- _What to produce_: Return each record word for word and omit the pictures.

= Beginning of Section =

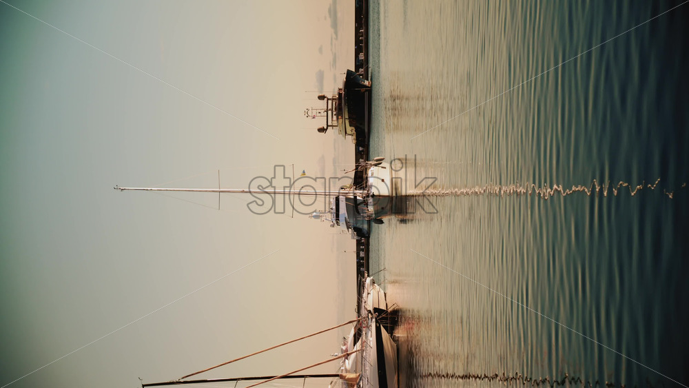 Abstract composition of sailboats and masts reflected on still water during sunset, creating symmetrical and tranquil patterns. Vertical Royalty Free Stock Video Footage
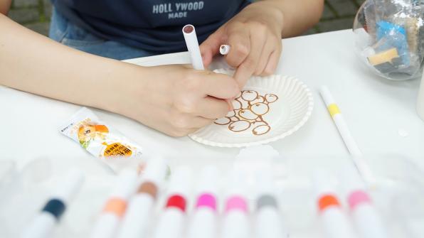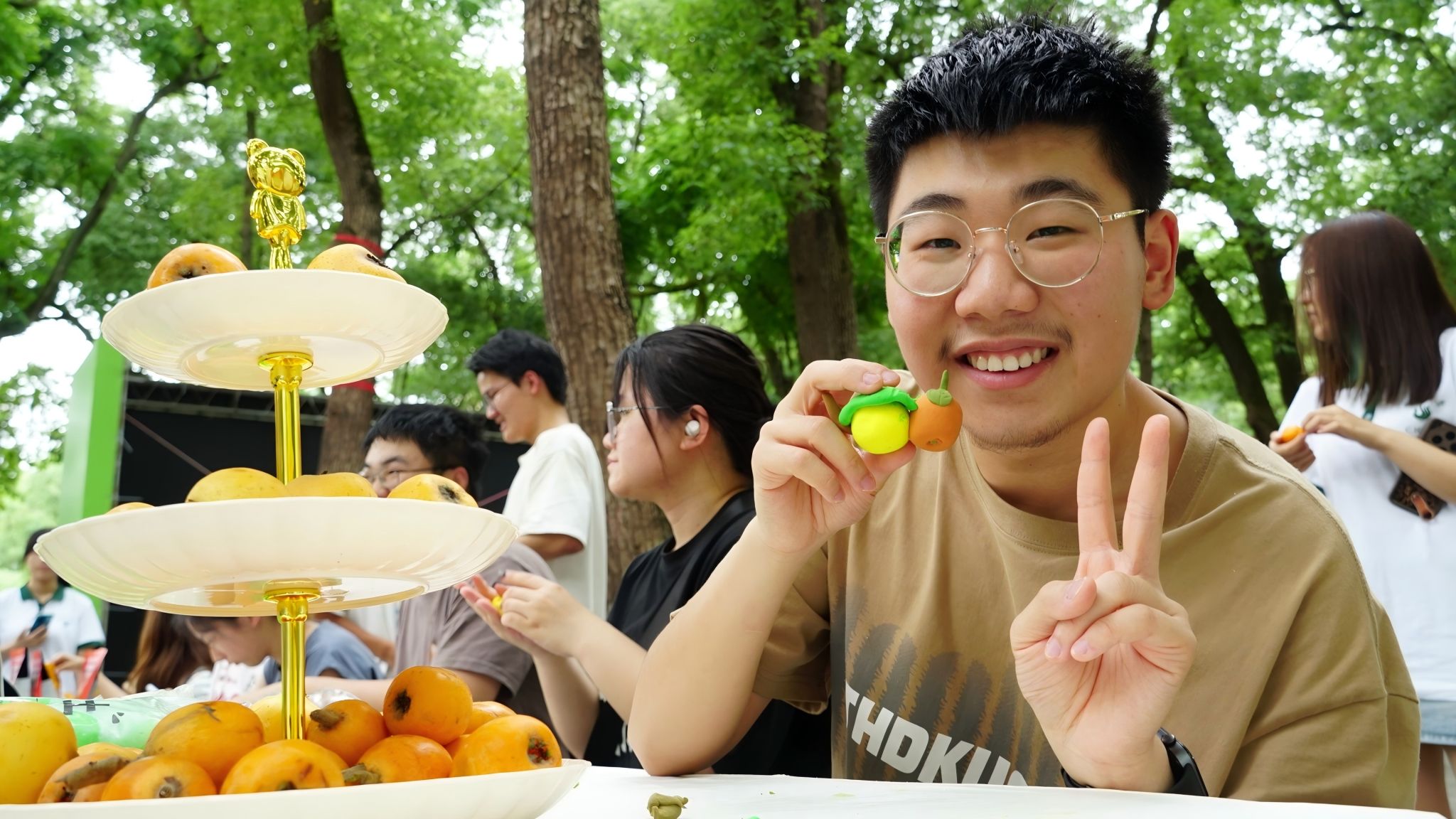 “果韵工坊”里,套圈、手工、绘画环节精彩纷呈。套圈区域,参与者们绞尽脑汁背诵植物诗句、抢答知识问题,只为赢得套圈机会,现场气氛紧张又热烈;手工创作处,大家以枇杷为灵感,用超轻粘土塑造出形态各异的果实造型;绘画区域,参与者们借助画笔和圆纸,将枇杷的神韵生动呈现,用艺术形式诠释对果实的理解,大家在欢声笑语中尽情享受游戏带来的快乐。
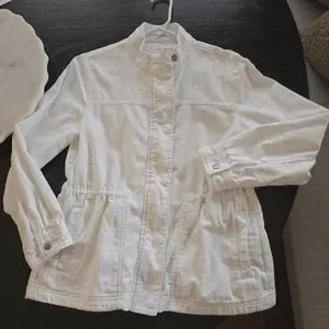 J.Crew white Utility jacket Cinch Drawstring PM Coastal Preppy Spring Summer EUC
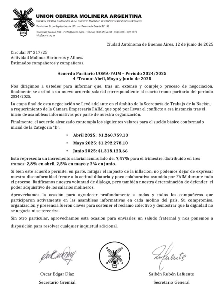 La Unión Obrera Molinera Argentina Sella Dos Importantes Acuerdos Salariales y Reafirma su Compromiso con el Poder Adquisitivo de los Trabajadores
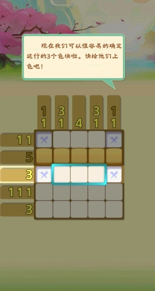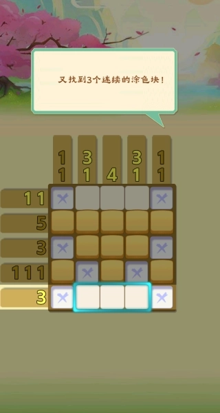 3、仔细观察画面中不同颜色的方块,当找到3个相同颜色的方块时,进行上色操作,积累解题经验。

= End of Section =

- _Solution to the exercise_:
 Abstract composition of sailboats and masts reflected on still water during sunset, creating symmetrical and tranquil patterns. Vertical Royalty Free Stock Video Footage
 “果韵工坊”里,套圈、手工、绘画环节精彩纷呈。套圈区域,参与者们绞尽脑汁背诵植物诗句、抢答知识问题,只为赢得套圈机会,现场气氛紧张又热烈;手工创作处,大家以枇杷为灵感,用超轻粘土塑造出形态各异的果实造型;绘画区域,参与者们借助画笔和圆纸,将枇杷的神韵生动呈现,用艺术形式诠释对果实的理解,大家在欢声笑语中尽情享受游戏带来的快乐。
 J.Crew white Utility jacket Cinch Drawstring PM Coastal Preppy Spring Summer EUC
 La Unión Obrera Molinera Argentina Sella Dos Importantes Acuerdos Salariales y Reafirma su Compromiso con el Poder Adquisitivo de los Trabajadores
 3、仔细观察画面中不同颜色的方块,当找到3个相同颜色的方块时,进行上色操作,积累解题经验。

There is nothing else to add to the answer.